Copy the records below word for word, from the first line through the line that contains "问题:自己是最强王者段位可以邀请处于黄金段位的好友一起组队排位么?", and leave out any pictures.

Records excerpted from a collection
--*--

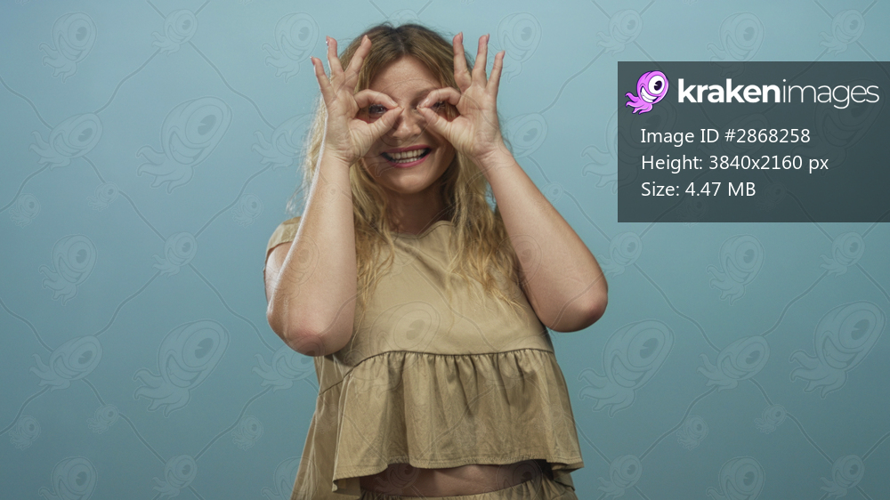 Woman making hand binoculars gesture in blue studio, smiling with visible hands and midriff; playful curiosity.
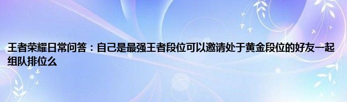 问题:自己是最强王者段位可以邀请处于黄金段位的好友一起组队排位么?
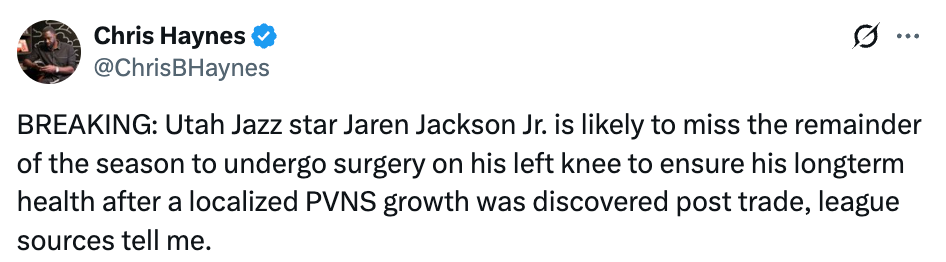 北京时间2月13日,据名记Haynes报道,爵士球星小贾伦-杰克逊很可能因接受左膝手术而缺席本赛季剩余比赛。在交易完成后的检查中,他被发现左膝存在局部PVNS(色素沉着绒毛结节性滑膜炎)增生,手术是为了确保其长期健康。
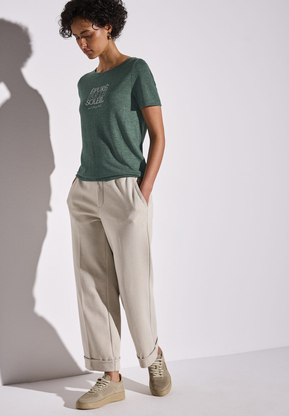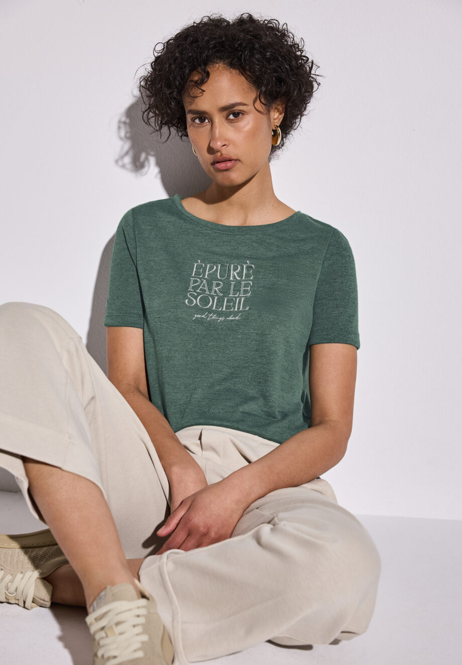 Dieses Kurzarmshirt von Street One für Damen begeistert mit einem Wording-Artwork. Der Rundhalsausschnitt und der gerundete Saum verleihen ihm eine lässige Note. Der angenehme Materialmix sorgt für ein weiches Tragegefühl. Kurzarmshirt Rundhalsausschnitt Wording-Artwork Gerundeter Saum Angenehmer Materialmix Material: 80% Polyester, 20% Viskose
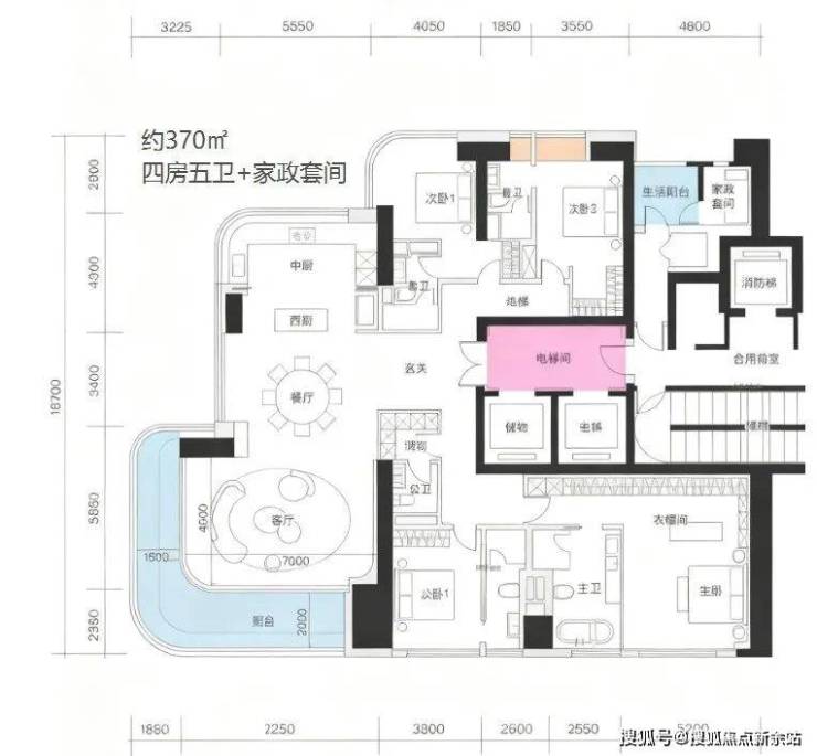 一层两户,经典大平层:约285㎡主力户型,空间布局方正大气,功能完备。

--*--

WRITTEN SOLUTION:
 Woman making hand binoculars gesture in blue studio, smiling with visible hands and midriff; playful curiosity.
 问题:自己是最强王者段位可以邀请处于黄金段位的好友一起组队排位么?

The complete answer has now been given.